__ASSIGNED TASK__: With pictures excluded, copy word for word the lines in the data below from the line containing "- L7 Altra lunghezza" through the line containing "大概几分钟后,谁都没想到的情".

__RECORDED INFORMATION__:
--- START ---

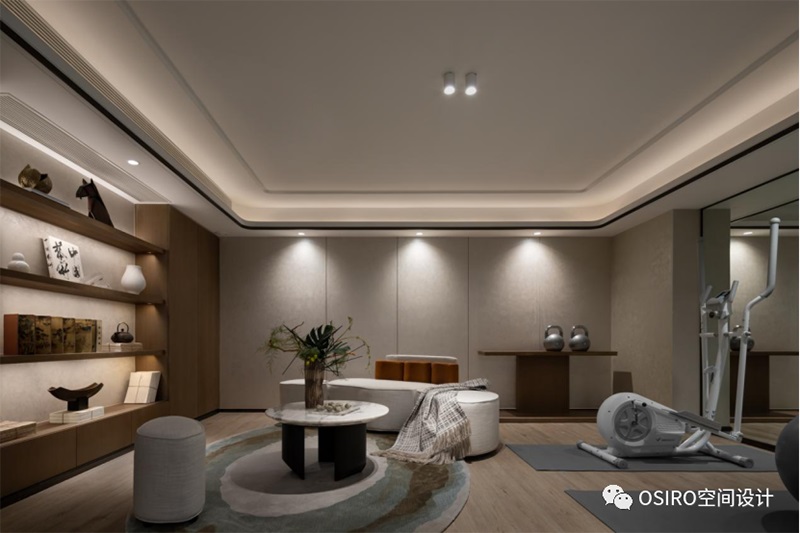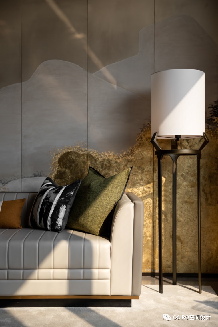 地毯,呼应背景墙的山水壁画,线条与朦胧的意象玩味出古代文人心中的禅意美。卧谷听松,主人的情怀亦在此处呈现。
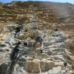 - L7 Altra lunghezza bellissima, la placca ha prese piccole ma nette, il superamento della fessura in alto, da prendere con una mini Dulfer, 6c+
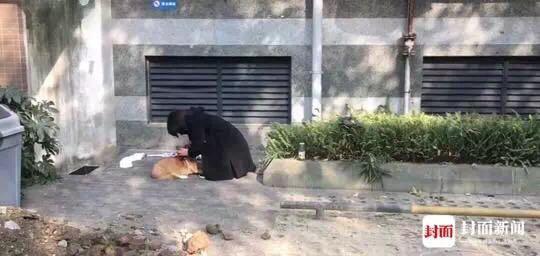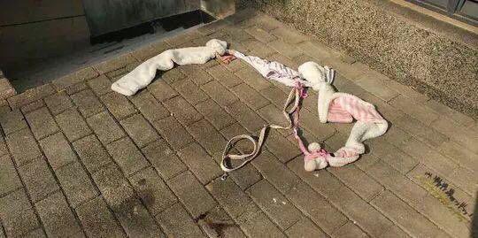 大概几分钟后,谁都没想到的情况突然出现了:在何某所住楼栋下方地面上,吴女士发现了一条嘴角流血的狗,还在抽搐,奄奄一息。她上前一看,顿时就嚎啕大哭,躺在地上的狗,居然正是她苦苦寻找的莱恩。
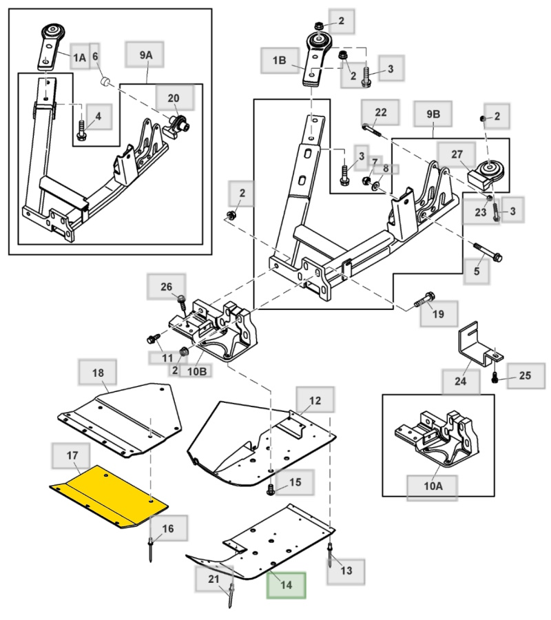 1A опора шарова стабілізатора жатки AH170774, AH206042 1B опора шарова стабілізатора жатки AH210858, AH210878 OR AH221021 OR AH221194 2 гайка М16 14M7291 3 болт М16х60 19M10822 4 болт М16х50 19M7794, AH206042 5 болт М16х130 19M7829 6 втулка A49465 7 гайка M16 A31869 8 шайба 11/16" X 1-1/2" X 0.105" 24H1192 9A стабілізатор жатки лівий AH210878, AH206042 OR AH221021 9B стабілізатор плаваючого ричага лівий AH225361, AH221194 9B стабілізатор плаваючого ричага лівий AH221194, AH221021 10A кронштейн H203906, H215074 10B кронштейн H215074 Remarks : ALSO ORDER H215589 618, H215588 620, H215587 622, H215586 625, H215584 630, H215585 635 11 болт М16х40 19M7793 12 пластина металева ліва AH203936 13 заклепка відривна 6.200 mm (0.244") HXE52669 14 захист лівий (пластиковий - під плавуючий ричаг) H204239, H203906 14 захист лівий (пластиковий) H218047, H215074 |

--- END ---

__ANSWER TO THIS PROBLEM__:
 - L7 Altra lunghezza bellissima, la placca ha prese piccole ma nette, il superamento della fessura in alto, da prendere con una mini Dulfer, 6c+
 大概几分钟后,谁都没想到的情况突然出现了:在何某所住楼栋下方地面上,吴女士发现了一条嘴角流血的狗,还在抽搐,奄奄一息。她上前一看,顿时就嚎啕大哭,躺在地上的狗,居然正是她苦苦寻找的莱恩。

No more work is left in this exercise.